Похоже, тут постарался Лосев!
Пашка присел на корточки и отгрёб ладонью камешки у основания плиты. Под ними оказалась какая-то тряпка, которой застелили землю. Пришлось даже надорвать её, чтобы как-то подобраться куда нужно. Потом он вытащил карандаш и смятый целлофановый пакетик.
Было темно, и Пашка пристроил телефон на соседнюю могилу светить, а сам копался у нужной, когда чуть не обосрался из-за того, что к свежеокрашенной оградке, не со стороны дорожки, а с той, что уходила вглубь погоста, прислонилась, хрустнув веткой, приземистая фигура, и булькающий старушечий голос проговорил с укором:
– Оставил бы ты мёртвых, пострелёнок.
Пашка охнул, отпрянул, свалившись на задницу, и двинулся затылком о чей-то крест, а поясницей – о борт чужой могилы. На глазах выступили слёзы от боли. Сердце барабанило в рёбра, выгоняя из лёгких дыхание.
«Сторожиха, что ли?! – клацнул зубами он, и на лбу выступил пот. – Припозднившихся посетителей выгоняет?!»
Фонарик камеры светил вбок, говорившую толком было не видно. Но она оказалась низенькой и широкоплечей. Стояла, опершись на оградку.
– Я… тут… это… бабушку проведываю… Днём занят… – промямлил Пашка садясь. – Испугали! – И он потянулся к телефону, чтобы развернуть сторожиху заниматься своими делами.

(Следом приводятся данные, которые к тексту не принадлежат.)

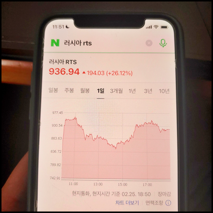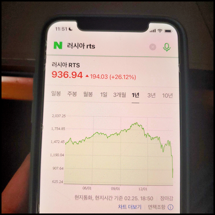 [사진 = 최근에 러시아 주식 관심 가졌던 분들이라면 러시아 50개 주요 종목을 다루는 러시아 RTS 눈여겨 보셨을 듯 합니다. 최근 3개월 및 1년 추이 중에서 최근에 최저가 기록했습니다. 전날에는 미국 금리인상 불확실성 해소 때문인지 26.12% 올랐으나 그동안 너무 크게 폭락했던 영향이 있습니다. 그만큼 러시아 경제 상황이 안좋았습니다. (C) 네이버 앱]
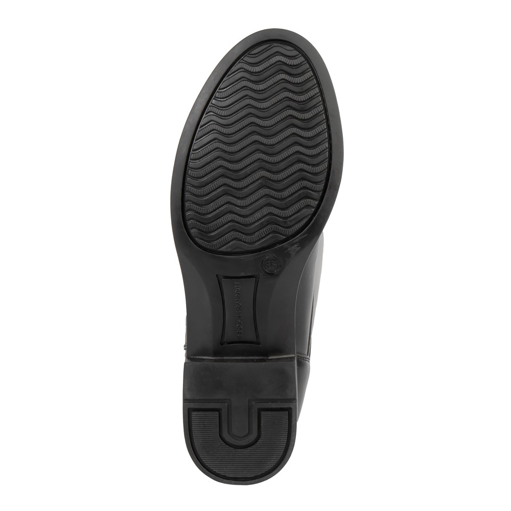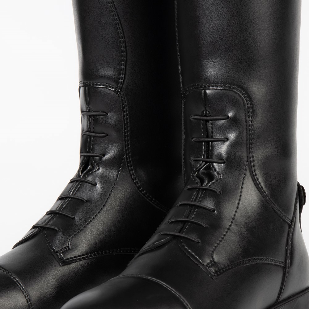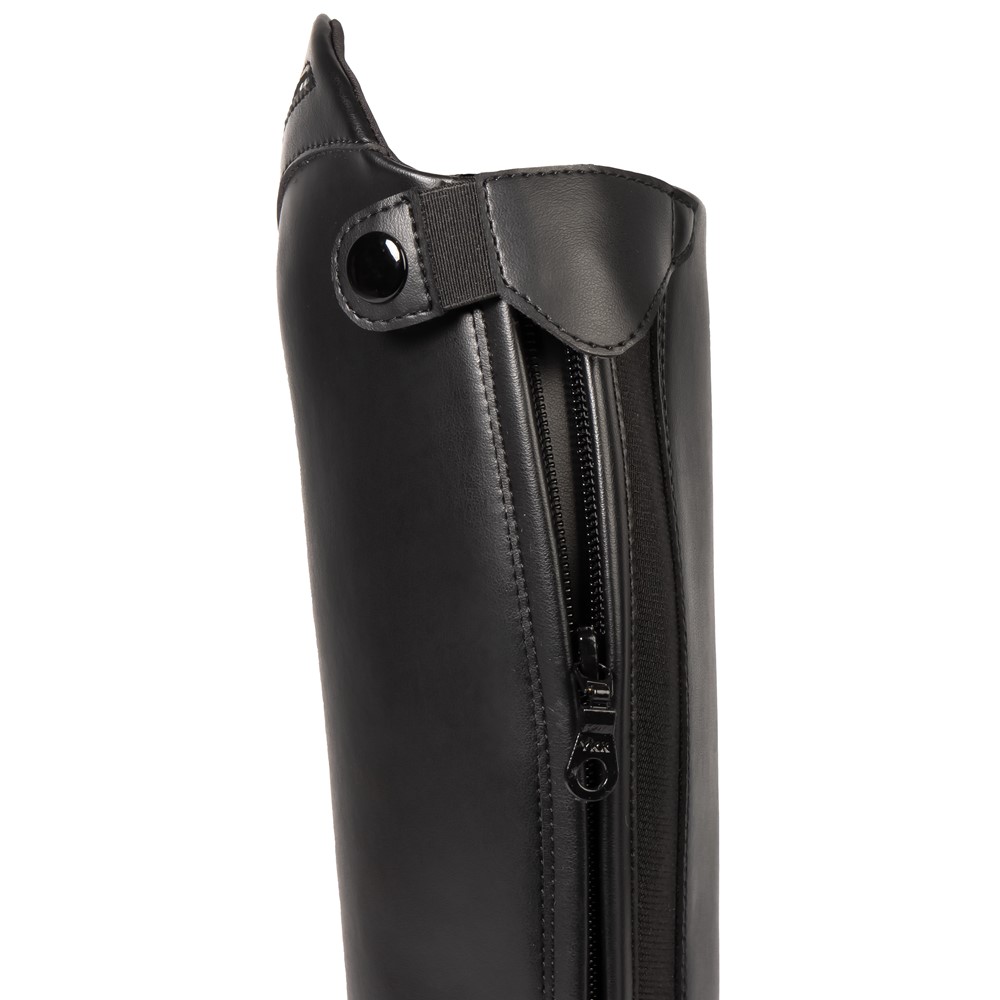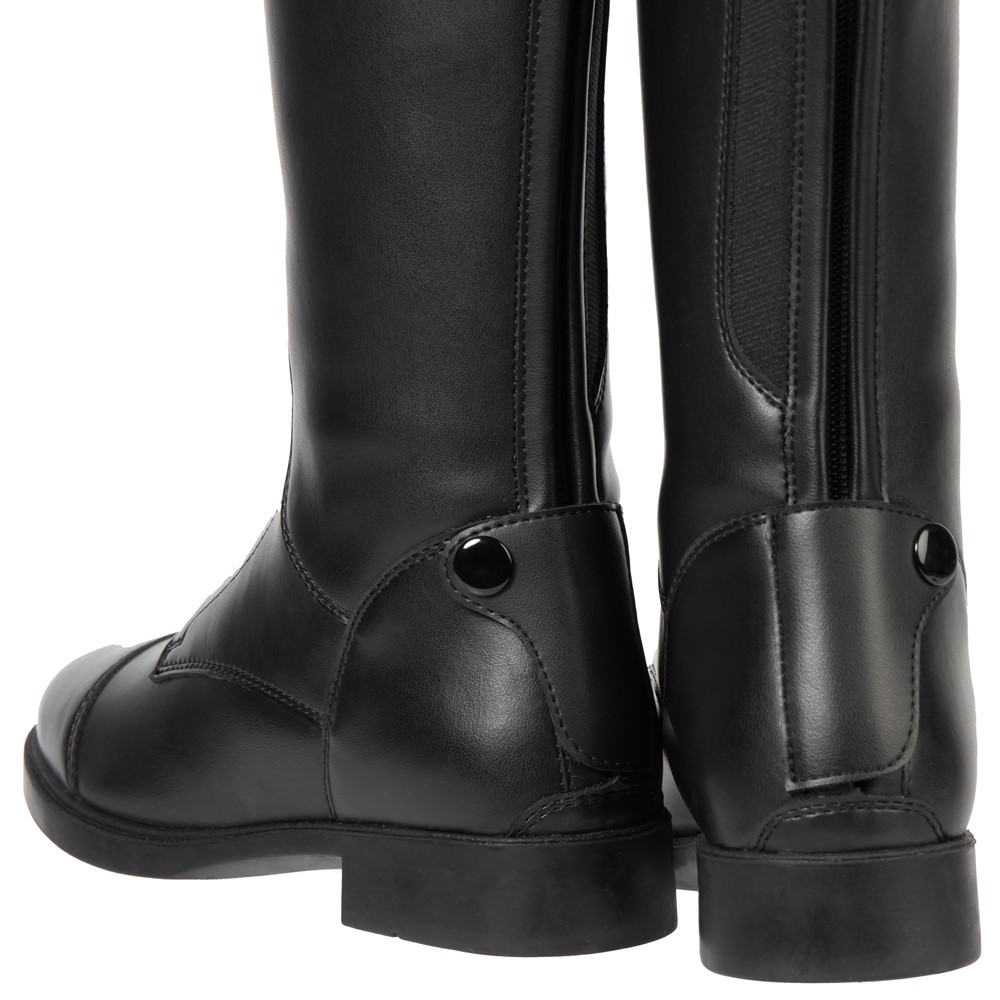 Botte d’équitation en cuir synthétique avec fermeture éclair à l’arrière. La fermeture est protégée en haut et en bas par un rabat avec bouton-pression. Dotée d’un laçage élastique à l’avant, d’un insert élastique au mollet pour un ajustement optimal et d’une décoration en cristaux près du genou.
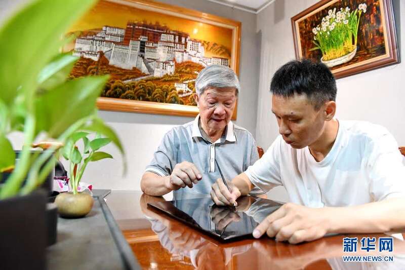 7月23日,中国工艺美术大师、国家级非物质文化遗产项目福州脱胎漆器髹饰技艺的代表性传承人郑修钤(左)在教授学生漆艺针刻技法。
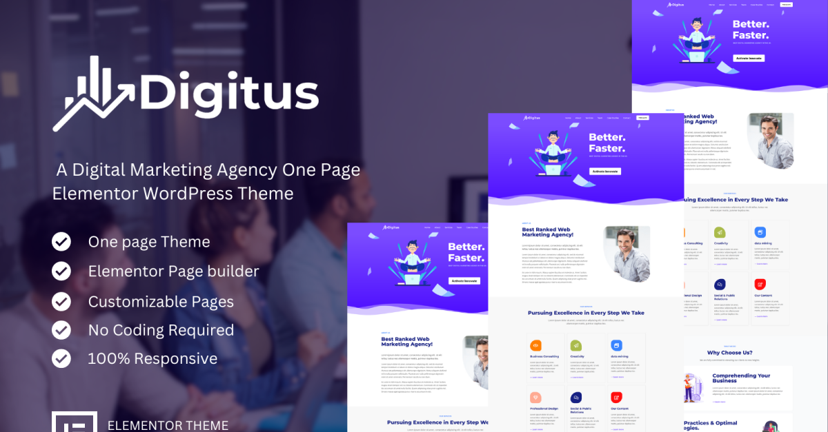 Wir stellen Digitus vor – ein dynamisches einseitiges WordPress-Theme, das für digitale Marketingagenturen entwickelt wurde. Digitus bietet ein klares, modernes Design, das Ihre Dienstleistungen und Ihr Fachwissen hervorhebt. Mit der einfachen Anpassung von Elementor können Sie Ihre Site so gestalten, dass sie Ihre Marke perfekt repräsentiert und Kunden anzieht. Präsentieren Sie mit Digitus Ihre digitalen Marketingfähigkeiten und heben Sie sich auf dem wettbewerbsintensiven Online-Markt ab.

– Это не твоя бабушка, – послышалось от фигуры. – Думай, прежде чем присваивать чужих мертвецов. Думай стократно, прежде чем спасать обречённых.
Пашка навёл на сдвинутую сторожиху камеру, и все волосы на его теле встали дыбом. Стартовое инфо было непривычно коротким, но главной жутью оказалось то, что там написано:
«Агния Ауэзовна Айвазовская.
Соединение отсутствует. Поиск удалённого сервера…»
Пашка медленно-медленно поднял взгляд от крутящейся эмблемы в виде планеты около поиска сервера на фигуру, нависшую за оградой.
Вечер был тёплый, но младший Соколов как-то разом испытал глубинный, от самого нутра идущий озноб. В горле совсем пересохло.
Бред, ведь он и пришёл сюда, чтобы поговорить с бабкой Айвазовской! Но, блин, во сне! Это же совершенно другое! Какого…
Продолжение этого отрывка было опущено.